Pinion Angle with Caltracs

[dvw]

The idea is to have the engine/trans centerline (C/L) parallel to the rear pinion C/L under acceleration. Pinion angle on any set-up first depends on the engine /trans angle. Then knowing what type of rear suspension you have. How far does the axle housing rotate upward under load? How far does the housing separate from the body during the run? Knowing these parameters you can set pinion angle correctly. Using the eng/trans angle you set the housing X number of degrees lower than this measurement. The X number depends on you suspension. In this case Calvert states 2 degrees. if the Eng/trans is down 2 degrees in the rear. You would set the housing to 0. If the eng/trans is 0 you would set the housing 2 degrees nose down. If the eng/trans were 4 degrees down in the rear you would set the housing 2 degrees up. Now you can see why knowing eng/trans C/L is necessary. The angle of the drive shaft is only a function of the distance between the the height/length of the engine trans C/L vs the height of the pinion C/L. In cars its not a concern. It can be a problem in a raised 4wd truck where there is a large distance. Pay no attention to driveshaft angle in this discussion. It means nothing. As far as springs. A S/S spring has a very stiff front half. The Caltrack bar is now the stiffing member between the housing and the frame. The spring now is only used to hold the car up. A lighter compressed spring has more stored energy than a stiff non compressed spring. That is why Caltracks will work better with the lightest spring. Unless we are talking big HP, like past 2000. Then the engine torque will apply the tire to hard. But that's another discussion.
Doug

 

[padam]

There's a lot going on here geometry wise.

It seems to me it depends not only on the angle of the pinion, but also the vertical distance from the trans center line.

 

[dvw]

There's a lot going on here geometry wise.
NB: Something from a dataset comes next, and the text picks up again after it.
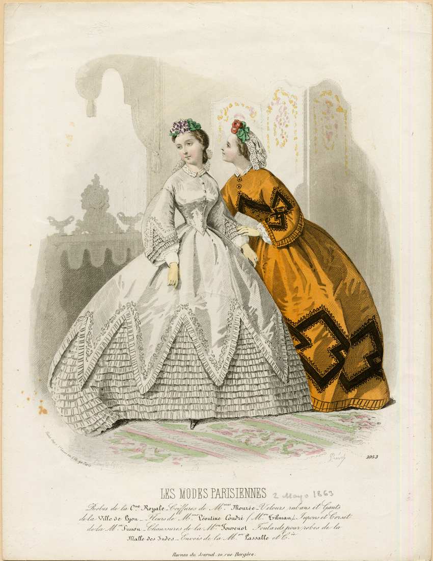 Two women are depicted in an Asian-inspired room. The woman on the left wears her hair adorned with purple flowers. Her white dress has a narrow ruffled collar and long bell sleeves. There are buttons down her bodice and her waist is pointed. There are ruffles at the ends of her sleeves and at the bottom of her skirt in a triangle pattern. The underskirt is visible below the triangles, and has multiple rows of narrow ruffles. The woman on the right wears a white lace cap decorated with red flowers. Her dress is orange yellow with a black interlaced diamond design on her bodice, sleeves and bottom of her skirt. Her dress has a narrow white collar and long sleeves, and buttons down the front of the bodice. Both skirts are very wide; it is the height of the crinoline fashion.

It seems to me it depends not only on the angle of the pinion, but also the vertical distance from the trans center line.
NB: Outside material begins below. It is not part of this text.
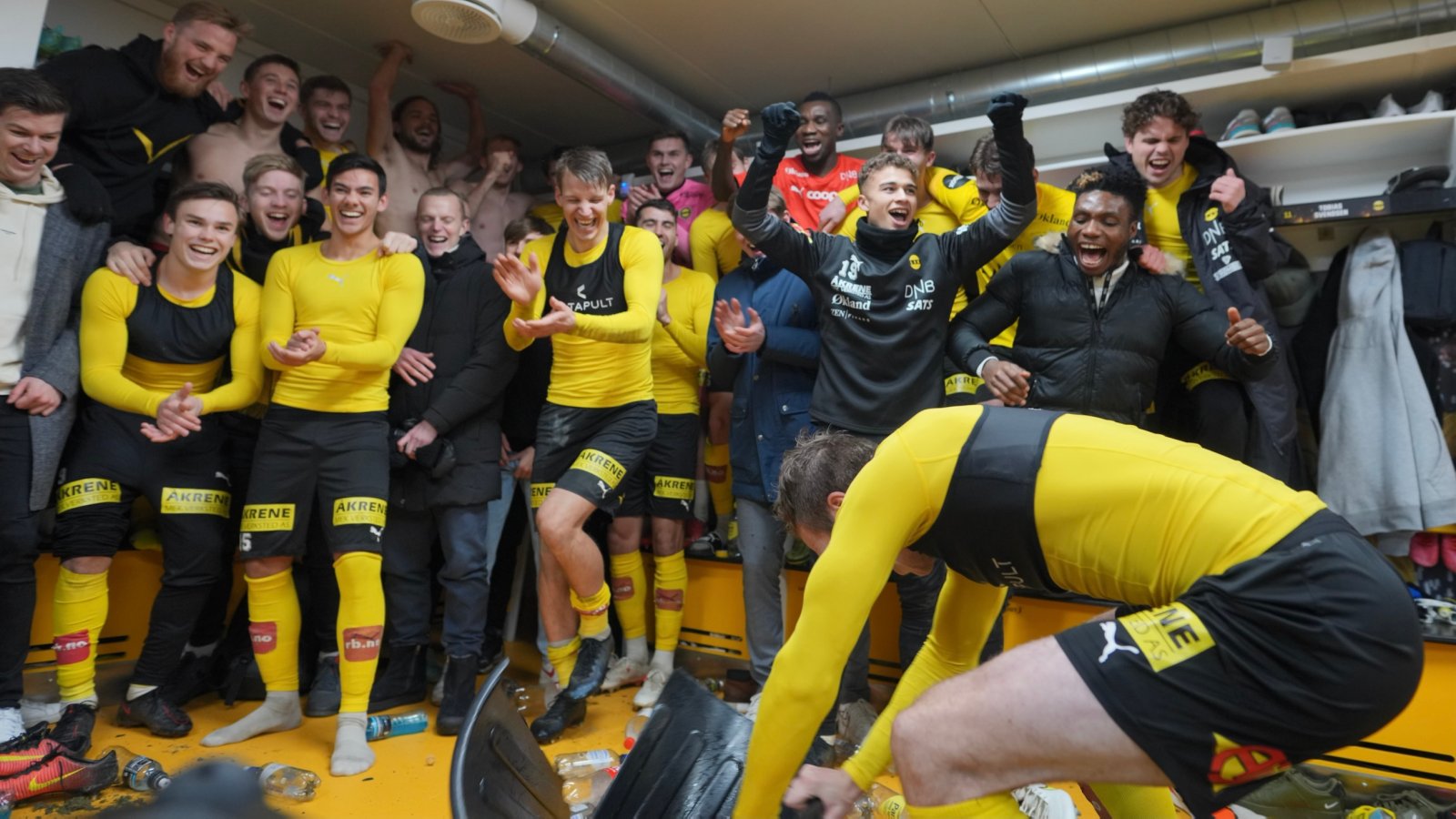 Jubelen sto i taket i garderoben etter at fjerdeplassen i Eliteserien var sikret. Se intervjuer med Geir Bakke og Vetle Dragsnes her. Video

The vertical distance between the two C/L changes during the run. But it is a result of rear housing separation. You could have the two C/L a foot apart but still maintain the two centerlines parallel under load. That is what you are trying to achieve. Don't use the driveshaft angle in your calculation, it means nothing. You'll just confuse yourself. Look at these diagrams. They all have 2 degree pinion angle at static ride height. All 3 have different driveshaft angles.
Doug

 

[cdr]

dvw is spot on !!!!!! like I said on my car it likes 1 deg difference from the trans angle of 2.5 down, my pinion is 1.5 up

 

[padam]

Ok I'm starting to get it. The illustration helped a bunch, thanks.

Next questions;
Are you taking the measurement for each from level?
What's the best way to measure it?

 

[cdr]

as the car sits on the suspension, is how I do it, a drive on rack helps

 

[bm02tj]

this explains angles and why

 

[biomedtechguy]

this explains angles and why

I've seen this before. Very well done.

 

[padam]

as the car sits on the suspension, is how I do it, a drive on rack helps

I mean, what surface do you measure from?
Is the a surface on the trans, or diff that is parallel to the centerline?

 

[cdr]

I mean, what surface do you measure from?
Is the a surface on the trans, or diff that is parallel to the centerline?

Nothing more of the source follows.